Is DAngelo's new album Black Messiah good

The new album from D'Angelo : Come to my church

A 15 second teaser. The still image of a crowd. Black people with raised hands and fists, a bass rumble so deep that it could come from hell. A 1994 address by the controversial Nation of Islam activist Khalid Abdul Muhammad about the real Jesus with black hair. An American flag, mirrored, two words: Black Messiah.

One day later: Rumors that D’Angelo's new album is finally out - after 14 years. One single, "Sugah Daddy". Another day later: a listening session in New York. And then the album is actually there: D’Angelo is back. A wonder. Yes, actually: a miracle. Because “Black Messiah” (RCA / Sony) is a big album, without any nostalgia bonus or wishful thinking. And that, although inhuman - unearthly - expectations lie on him.

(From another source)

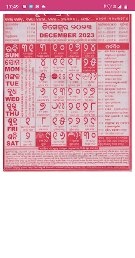 ଓଡ଼ିଆ କ୍ୟାଲେଣ୍ଡର 2023
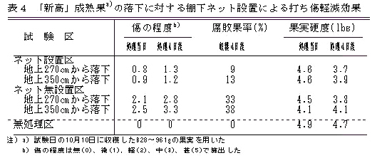 棚下へのネット設置は、落下によりネット上で果実同士の接触はあるものの、打ち傷の発生防止または軽減には有効である(表4)。

Questlove from the roots, practitioners and theorists of black music, once called these expectations the “curse of the black genius”: black artists who create something epoch-making, come under pressure, fall and then often never get up again. Richard Pryor, Lauryn Hill, David Chappelle, Ralph Ellison. And D’Angelo, with whom Questlove has worked since the beginning of his career.

With just two albums and one tour, the now 40-year-old earned the reputation of "R-’n’-B-Jesus" in the nineties. His debut "Brown Sugar" established him in 1995 as a great talent, the album of the century "Voodoo" from 2000 generated admiration that bordered on admiration. Seemingly completely naked, he sang about sex and nothing else in the video for “Untitled”.

This was called neo-soul - a music that sought modern approaches to old attitudes and sounds. The core artists of the genre were then organized as "Soulquarians". They never made a joint album, but at least a group picture that can easily become melancholy when looking at it. Because the ranks are thinned out: Mos Def and Common got lost in experiments, Erykah Badu has not made an album for four years. The roots are the jam clowns for Jimmy Fallon. J Dilla has died.

It's about love, hope and redemption in the deep night

And above all there are D’Angelo and the void he has left. In 2001 he disappears, gets fat, takes drugs. After years of self-destruction, he has been venturing back into public since 2012, giving concerts - his voice is in good condition - and declaring that there will be a new album.

"Black Messiah" is his freest work so far. D’Angelo has a sound in his head - a room, almost a chamber. Musical Feng Shui. He instinctively distributes bass, brass and drums around the room. Its secret are the pauses, the silence, the gaps. On "Voodoo" it was a bedroom, on "Black Messiah" it was a prayer room. First it was about sex, now it's about love, hope, redemption in the deep night.

"As the day must have its sun / And the night must have its moon / Sure as both must rise and fall / I'll be there to see you through," affirmed D'Angelo in "Betray My Heart" - it is very much close to "As", the heart of Stevie Wonder's "Songs in the Key of Life". From soul music, D’Angelo seems to have learned not only to write love songs, but also to love itself.

Again and again a bright, hopeful piano can be heard, as we know it from the sixties by Ramsey Lewis: a gospel piano. "Church music, meaning soul church music - not Bach chorals, that's different" was what Cannonball Adderley once called half ironically one of his pieces - and in 1972 he released an album called "The Black Messiah".

You can drown in such references, but the album is not black music bingo, but a necromancy. D’Angelo speaks to his heroes, his friends, his enemies, his former self. They're all somehow no longer there.